Stored data:
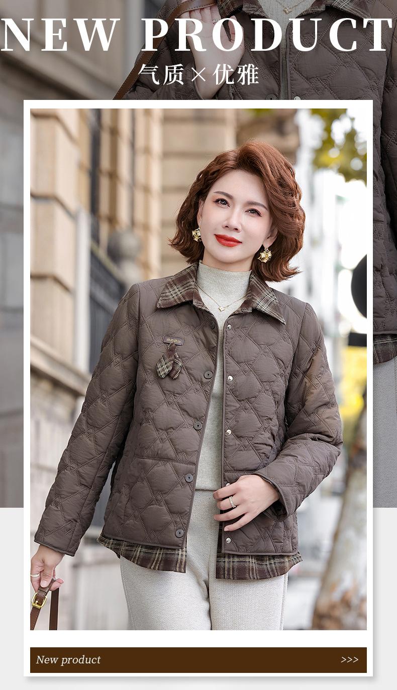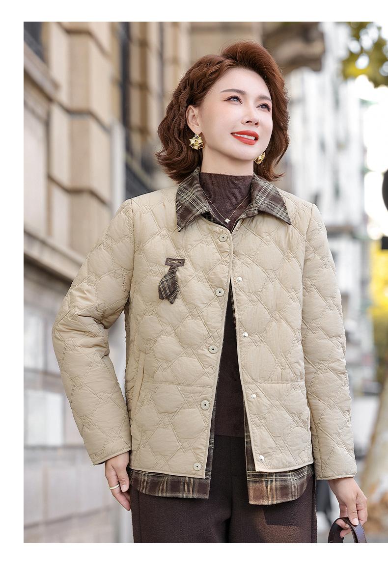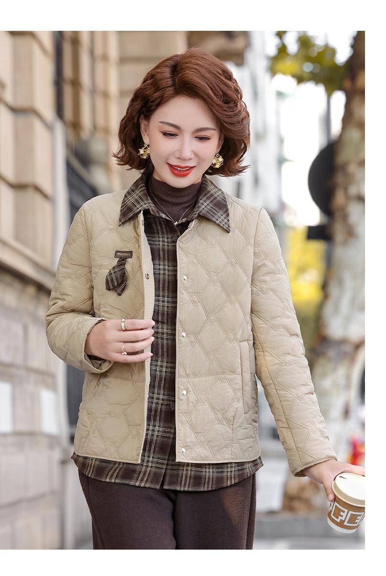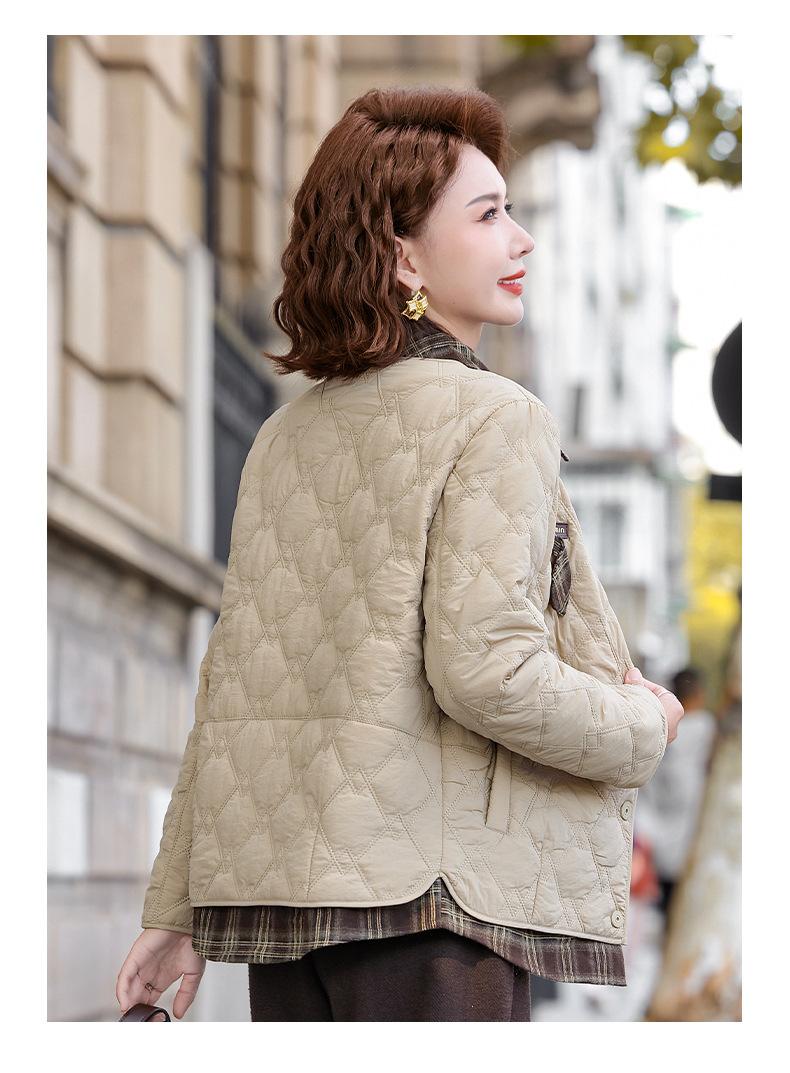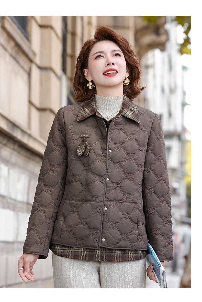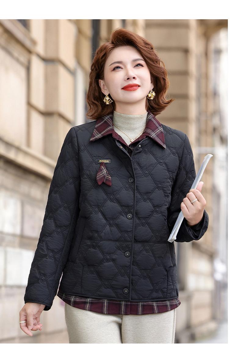 Abrigo de Algodón de Solapa de Dos Piezas para Mamá a la Moda 2025 Invierno Nuevo Chaqueta Casual Versátil Delgada Acolchada de Algodón para Mujeres de Mediana Edad
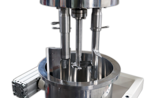 The standard finger-blade mixing tools of the Double Planetary Mixer are designed to work in an overlapping way, thus create strong axial and radial motions in the mix-product, as well as a highly intensive shearing and dispersing effect.
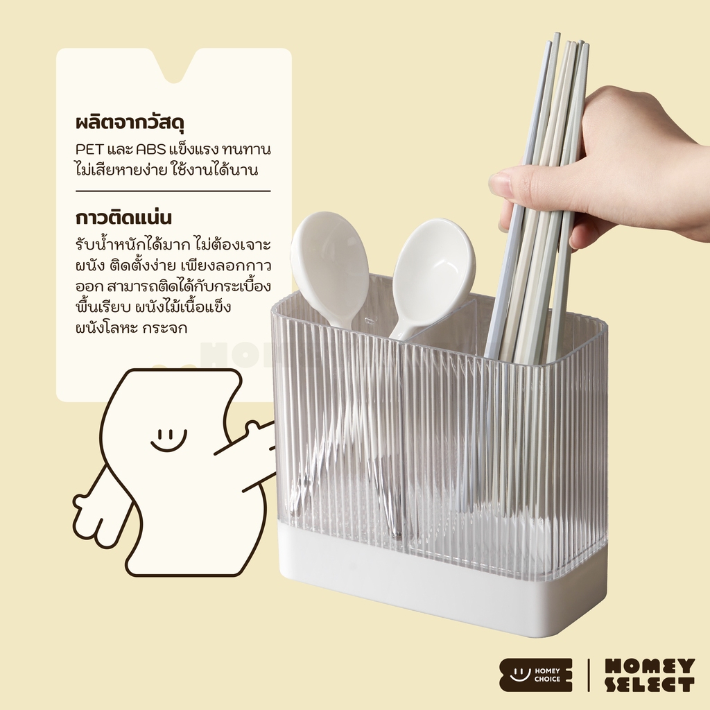 HomeyChoice กล่องเก็บช้อนส้อมตะเกียบและอุปกรณ์รับประทานอาหารติดผนัง อุปกรณ์จัดเก็บในครัว รุ่น 8045
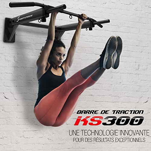Sportstech KS300 KS300 - Barra di trazione con 3 Anelli per TRX, Punching-Ball, imbracature con Manici Antiscivolo, Esercizi Pull-up Materiale di Fissaggio Incluso Max. 300 kg

Exercise details: Write the full listing out again with every line unchanged, but include no pictures.

Exercise answer:
 Abrigo de Algodón de Solapa de Dos Piezas para Mamá a la Moda 2025 Invierno Nuevo Chaqueta Casual Versátil Delgada Acolchada de Algodón para Mujeres de Mediana Edad
 The standard finger-blade mixing tools of the Double Planetary Mixer are designed to work in an overlapping way, thus create strong axial and radial motions in the mix-product, as well as a highly intensive shearing and dispersing effect.
 HomeyChoice กล่องเก็บช้อนส้อมตะเกียบและอุปกรณ์รับประทานอาหารติดผนัง อุปกรณ์จัดเก็บในครัว รุ่น 8045
Sportstech KS300 KS300 - Barra di trazione con 3 Anelli per TRX, Punching-Ball, imbracature con Manici Antiscivolo, Esercizi Pull-up Materiale di Fissaggio Incluso Max. 300 kg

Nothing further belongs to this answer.